- **Data to process**
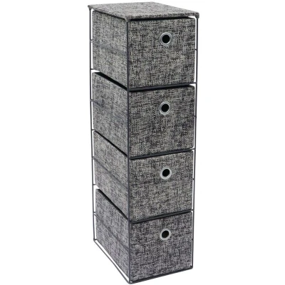 General description Our Urban storage collection features a textured inner-city fabric that perfectly complements any modern home, loft, or city apartment. This storage tower not only keeps your home neat and tidy but also adds a stylish touch to your decor. With four durable drawers, it is an essential accessory for every household, ideal for storing toiletries, makeup, jewelry, and more, helping to clear clutter and organize your space with elegance. Technical specifications Dimensions: H: 64 cm x W: 25 cm x D: 18 cm Weight: 1 kg Material: Woven fabric on a metal frame Color: Two-tone textured grey Usage This storage unit is a great addition to any living space, bedroom, or office. It is particularly useful for students in college and university settings, providing a stylish and functional solution for organizing personal items.
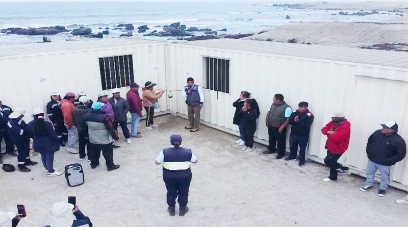 Se intensifica el control y vigilancia de la extracción ilegal e informal de los recursos erizo rojo y macroalgas varadas con la instalación de containers multipropósito en la zona de Yanyarina de la región Arequipa, distrito Lomas, provincia de Caravelí.
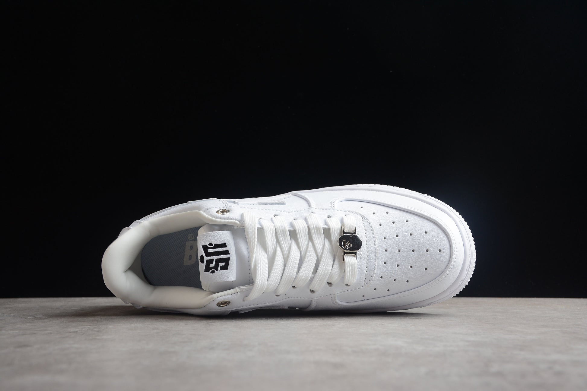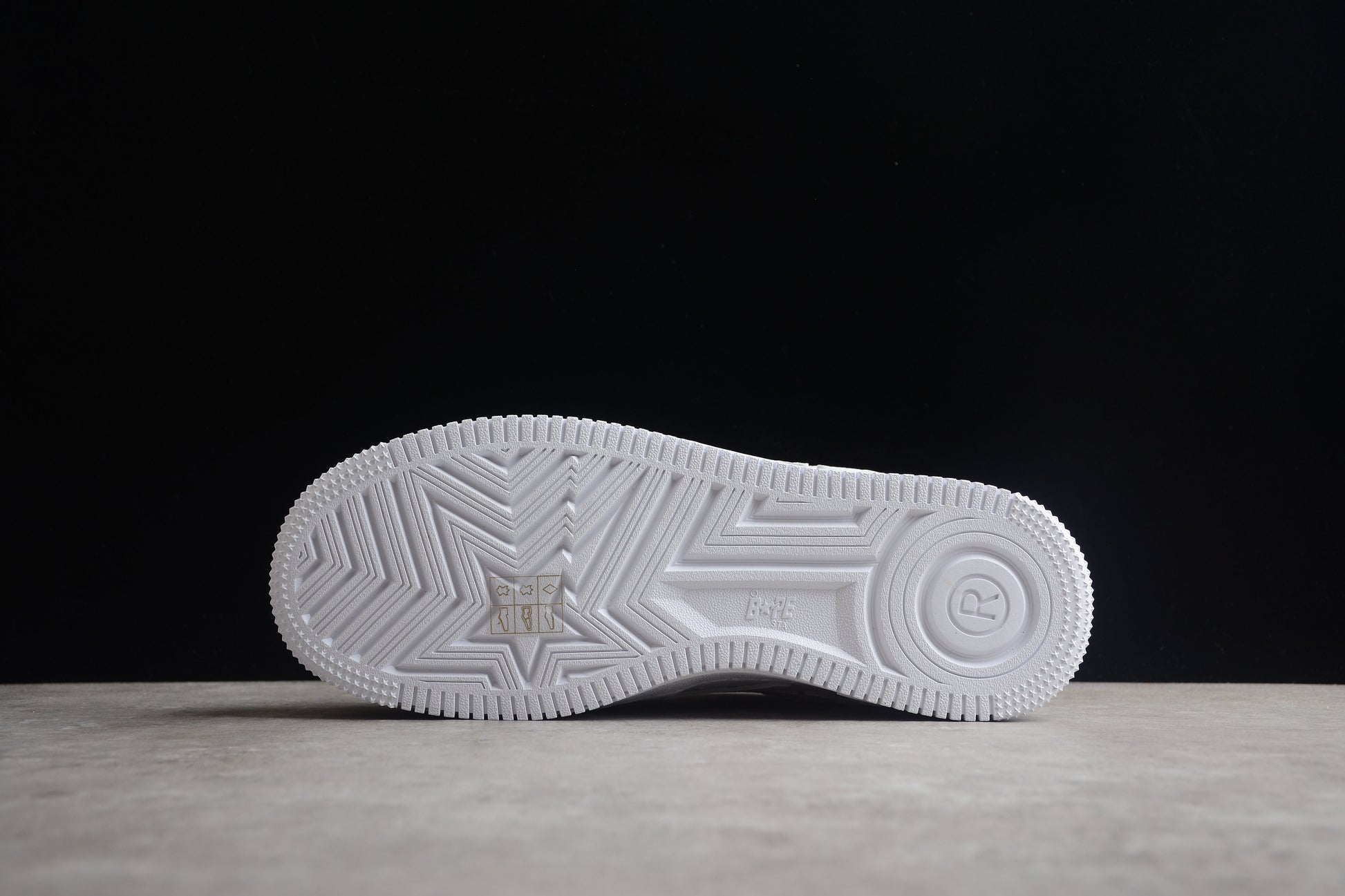 Crafted with high-quality leather, the upper of these sneakers features a monochromatic white design, giving them a sleek and modern look. The iconic BAPE star logo is subtly embossed on the sides, maintaining the minimalist theme while showcasing brand identity. The intricate stitching adds a touch of craftsmanship, enhancing the overall appeal of the sneakers.
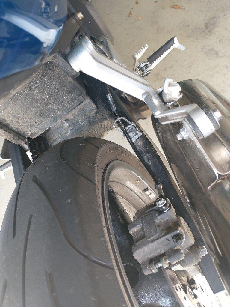 Dann habe ich das selbe beim Hinterrad wiederholt, hierzu muss die Seitenabdeckung unterm Fahrersitz abgeschraubt werden, der Bremsflüssigkeitsbehälter abgeschraubt und etwas rausgezogen werden, sonst kommt man nicht an die Schrauben des Deckels. Da die Leitung kürzer ist und eigentlich nur am Bremssattel und der Bremspumpe befestigt ist, geht das Ganze recht flott und genauso wie vorne, was das Entlüften angeht. Hinten sah das dann so aus:
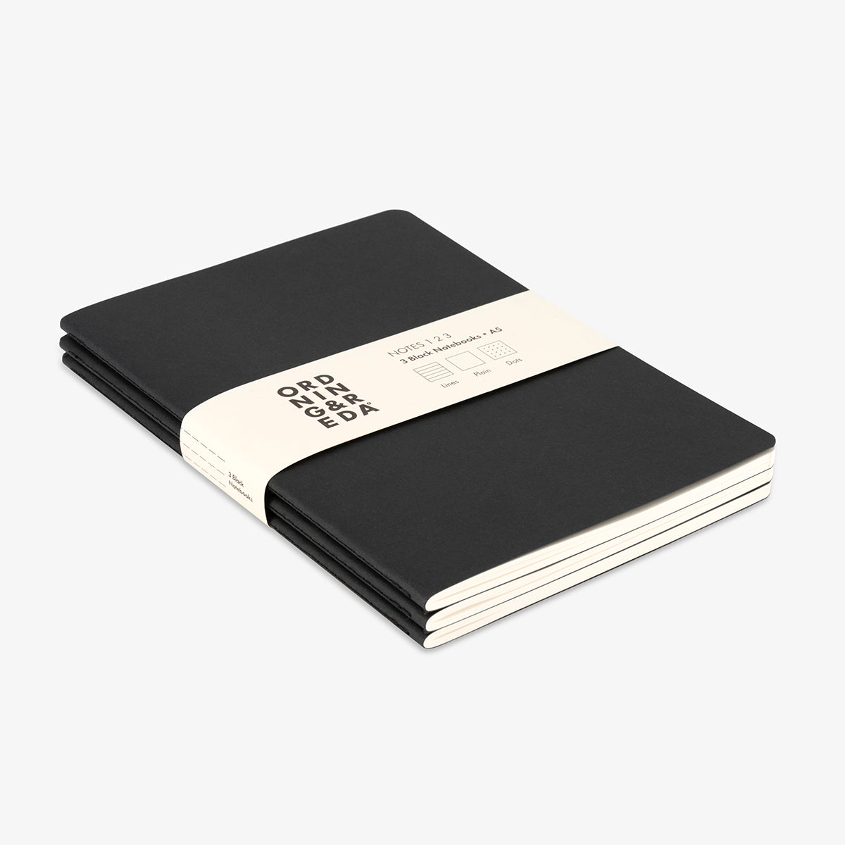 Set of three A5 notebooks with stitching on the spine (1 plain + 1 lines + 1 dotes)
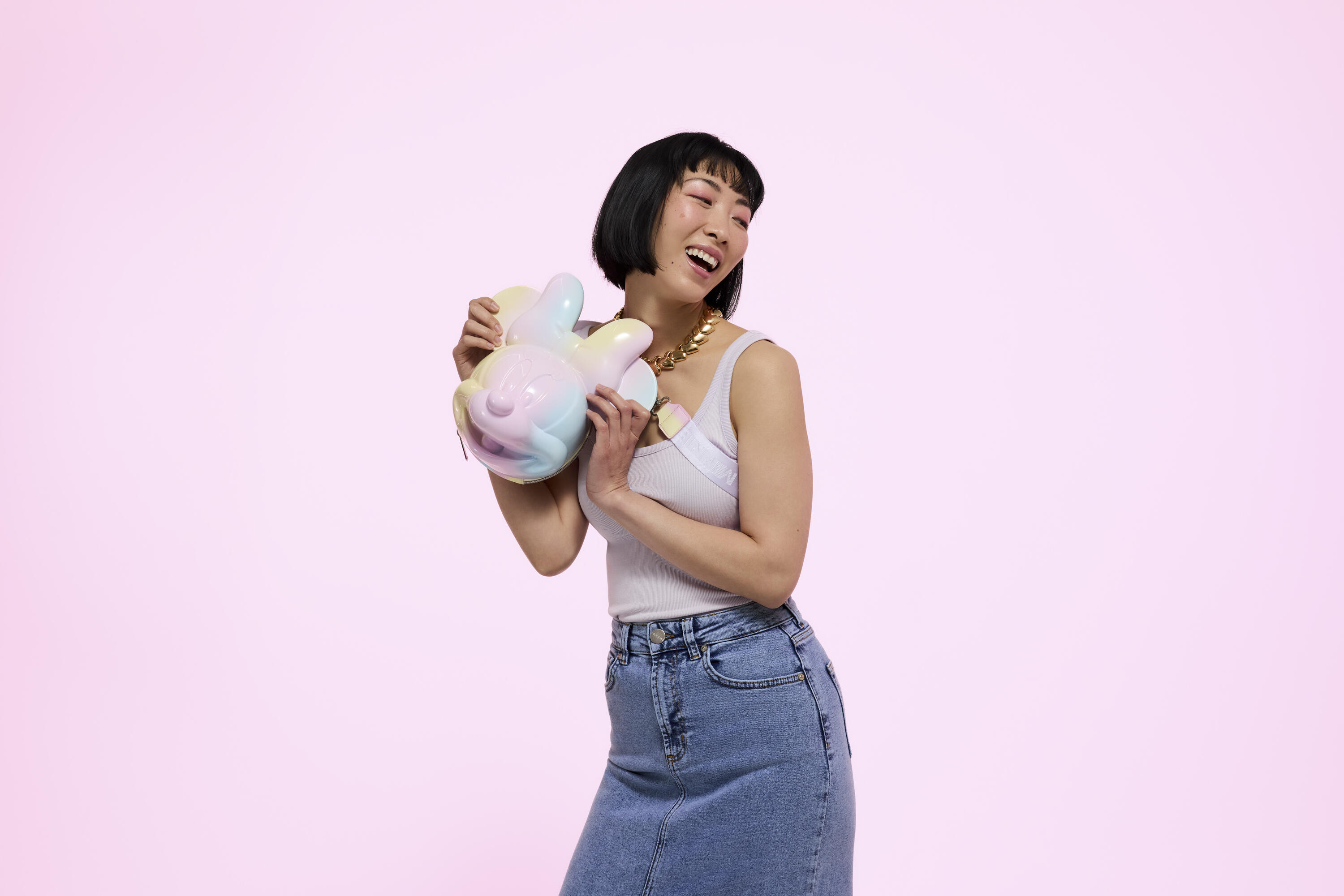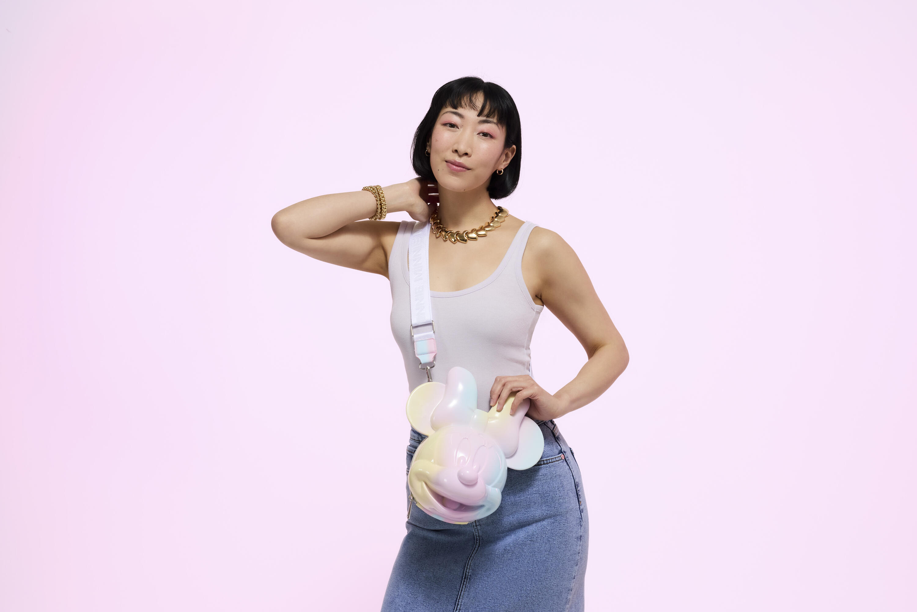 Diese umhängetasche zeigt einen 3D-geformten Minnie Maus Kopf! Sie grinst von der Vorderseite der Tasche. Minnie ist mit pastellfarbenen Batikmustern in Pink, Blau und Gelb verziert. Auf dem verstellbaren Umhängegurt steht überall „Minnie“.
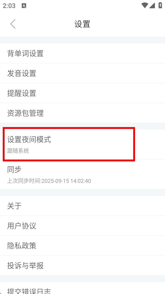 3、進入設(shè)置頁面后,找到設(shè)置夜間模式選項并點擊。
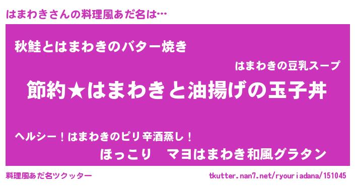 | 男性向けラノベタイトル風あだ名 | 『はまわきの憂鬱』 |
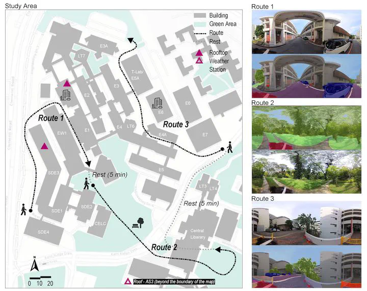 Urban environments are increasingly recognised for their potential to support psychological restoration, yet most studies assess green and grey spaces in isolation and rely on static, lab-based measures. This study introduces a multi-layered analytical framework that integrates experimental walking, momentary perception tracking, and machine learning to investigate how multisensory urban features shape restoration. Conducted on a university campus, the experiment exposed 20 participants to sequential grey–green–grey walking routes. Restoration was measured through pre/post psychometric surveys, heart rate variability (HRV), and minute-level micro-surveys during walking. Results reveal three key insights: (1) green exposure induces a short-term “inoculation effect”, with restorative benefits persisting even after re-entering grey environments; (2) visual features emerged as the most influential predictors of restoration, followed by noise and microclimate; and (3) solar irradiance — when balanced with moderate temperature and humidity — positively contributing to relaxation and stress reduction. Beyond experiments, we simulated design interventions on low-restoration scenarios using a large language model to enhance visual attributes, followed by predictive evaluation via machine learning. These simulations showed measurable improvements in predicted restoration, validating a data-driven approach for environmental optimisation. This research contributes to neurourbanism by bridging spatial sensing, physiological feedback, and AI-driven interpretation. It offers practical guidance for creating psychologically supportive urban environments — such as prioritising early green exposure and mitigating noise pollution — and introduces a replicable pipeline for evaluating restorative potential in future urban design.
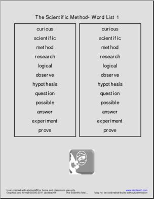 A set of vocabulary building tools and activities of words related to the Scientific Method. Includes word list, spelling practice or definition worksheet, word search in the shape of a microscope and a word unscramble.
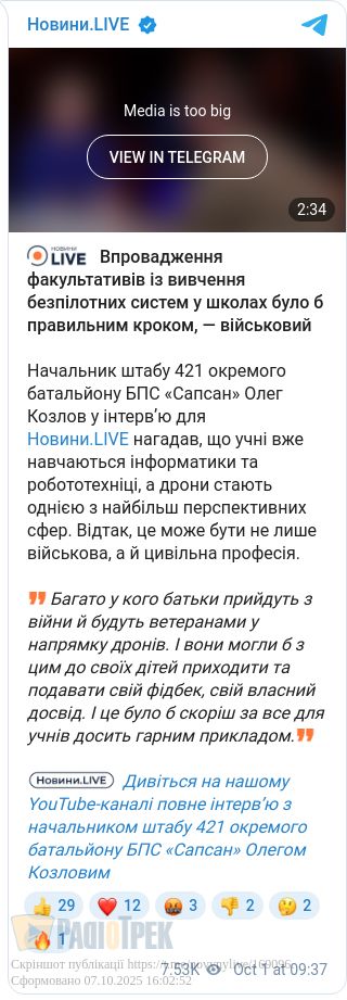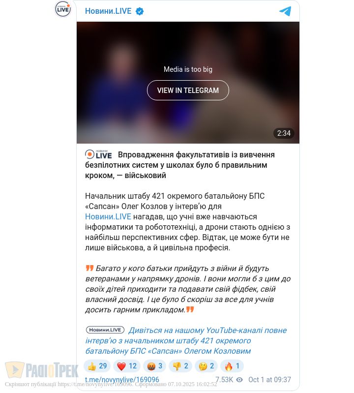 Начальник штабу батальйону БПС «Сапсан» Олег Козлов у коментарі «Новини.LIVE» пояснив, що уроки з дронів могли б стати логічним продовженням інформатики та робототехніки, які вже є у школах.
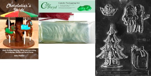 Cybrtrayd Tree Assortment Chocolate Mold with Chocolatier's Bundle of 25 Cello Bags, 25 Red Twist Ties and Chocolatier's Guide
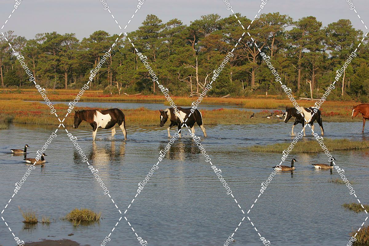 JQ4P7905 Chincoteague Ponies In Water, Virginia, USA 2008
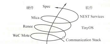 圖中描述了演示平臺螺旋式上升的無線傳感器節(jié)點軟硬件發(fā)展歷程。由于該平臺的硬件和軟件都是公開的,所以其成為研究傳感器網(wǎng)絡(luò)的最主要的試驗平臺。Mica系列節(jié)點包括Wec、Renee、Mica、Mica2dot和Spec等,其中Mica和Micadot節(jié)點已經(jīng)由Crossbow (1995年成立,專業(yè)從事無線傳感器產(chǎn)業(yè)的公司)公司包裝生產(chǎn)。
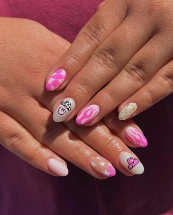 Сочетание дизайнов между собой — один из главных трендов нейл-арта уже несколько лет. Комбинации могут быть самыми безумными, ведь удачным сочетание делают одинаковая цветовая гамма и единый стиль рисунков. Посоветуйтесь с мастером: он подскажет, какие дизайны будут выглядеть гармонично друг с другом.
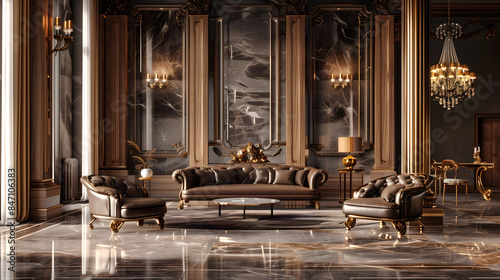 © Thanaphon, Fototapeta premium 3d render of interior in the living room
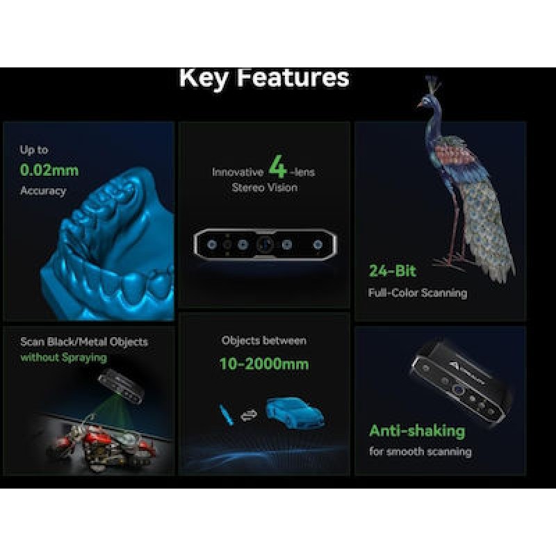 Ο 3D σαρωτής CR-Scan Otter προσφέρει αξιοσημείωτη ακρίβεια, φτάνοντας τα 0.02 mm σε απόσταση 60 mm από το αντικείμενο. Χάρη στον προηγμένο αλγόριθμο στερεοσάρωσης και την τεχνολογία δομημένου υπέρυθρου φωτός, η συσκευή αναπαράγει τις αυθεντικές δομές και περιγράμματα των αντικειμένων, καθιστώντας κάθε λεπτομέρεια σαφή και ακριβή.
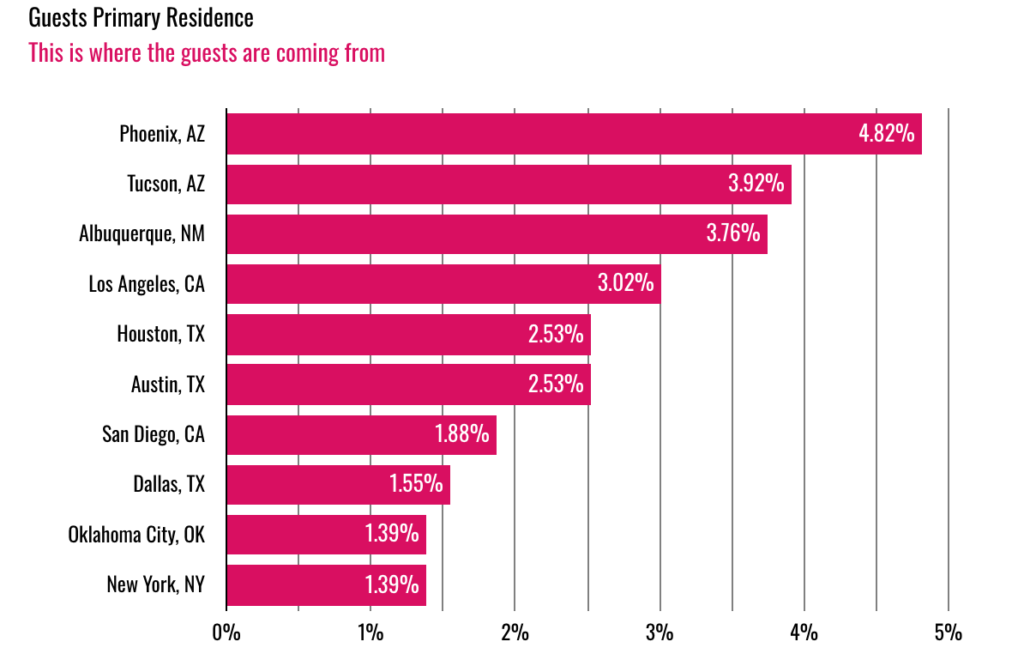 The majority of the guests come from outside of New Mexico. 4.82% of all guests are from Phoenix followed by Tucson with 3.92%.
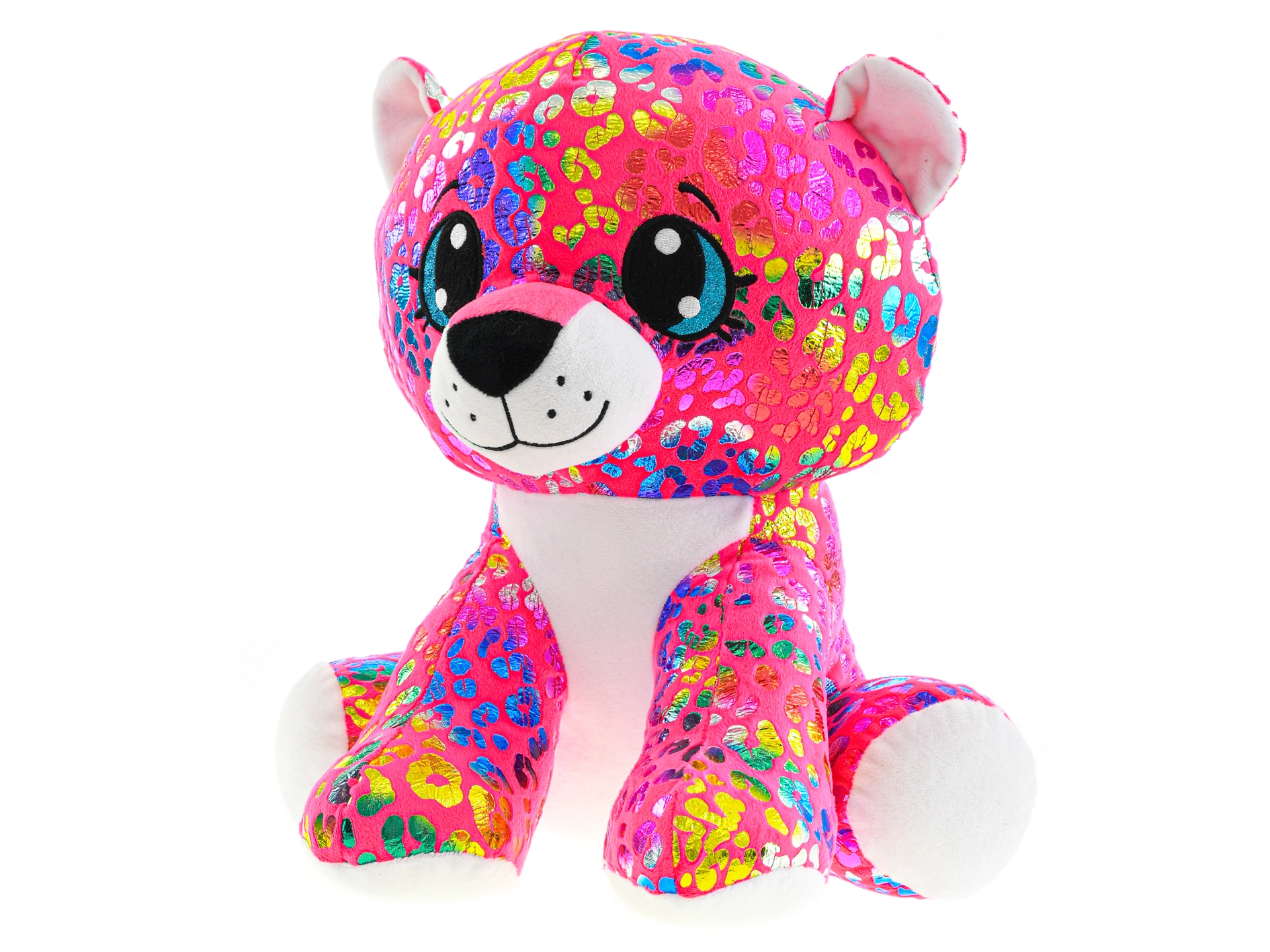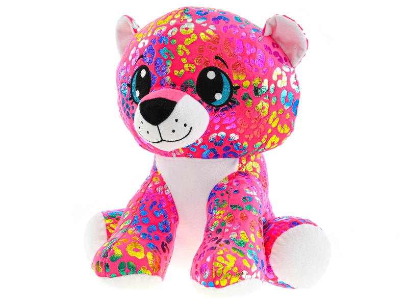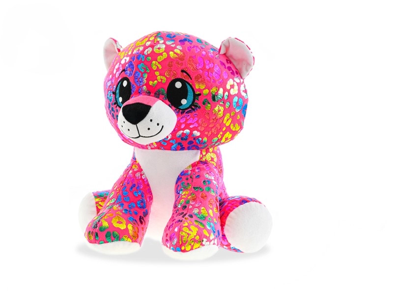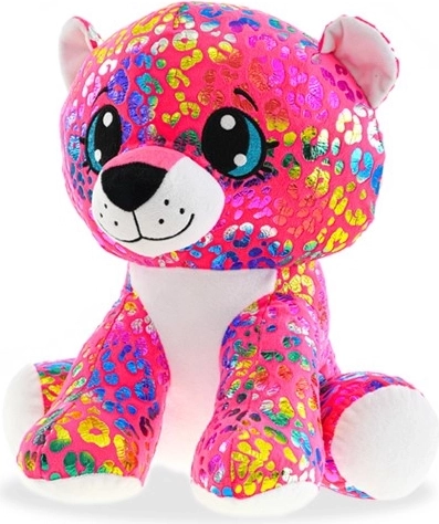 Ez a színes plüss leopárd tökéletes társ a gyerekeknek – puha, selymes, és a ülő formának köszönhetően könnyű megfogni, illetve kiállítani a polcon. Nagy, hímzett szemei, a csillogó minta és a kontrasztos fehér tappancsok egyedi megjelenést adnak neki, amelyet a gyerekek azonnal megszeretnek.

- **What you will do**
Return exactly the lines above, from the one with "JQ4P7905 Chincoteague Ponies" up to and including the one with "圖中描述了演示平臺螺旋式上升", and include no pictures.

- **Problem solution**
 JQ4P7905 Chincoteague Ponies In Water, Virginia, USA 2008
 圖中描述了演示平臺螺旋式上升的無線傳感器節(jié)點軟硬件發(fā)展歷程。由于該平臺的硬件和軟件都是公開的,所以其成為研究傳感器網(wǎng)絡(luò)的最主要的試驗平臺。Mica系列節(jié)點包括Wec、Renee、Mica、Mica2dot和Spec等,其中Mica和Micadot節(jié)點已經(jīng)由Crossbow (1995年成立,專業(yè)從事無線傳感器產(chǎn)業(yè)的公司)公司包裝生產(chǎn)。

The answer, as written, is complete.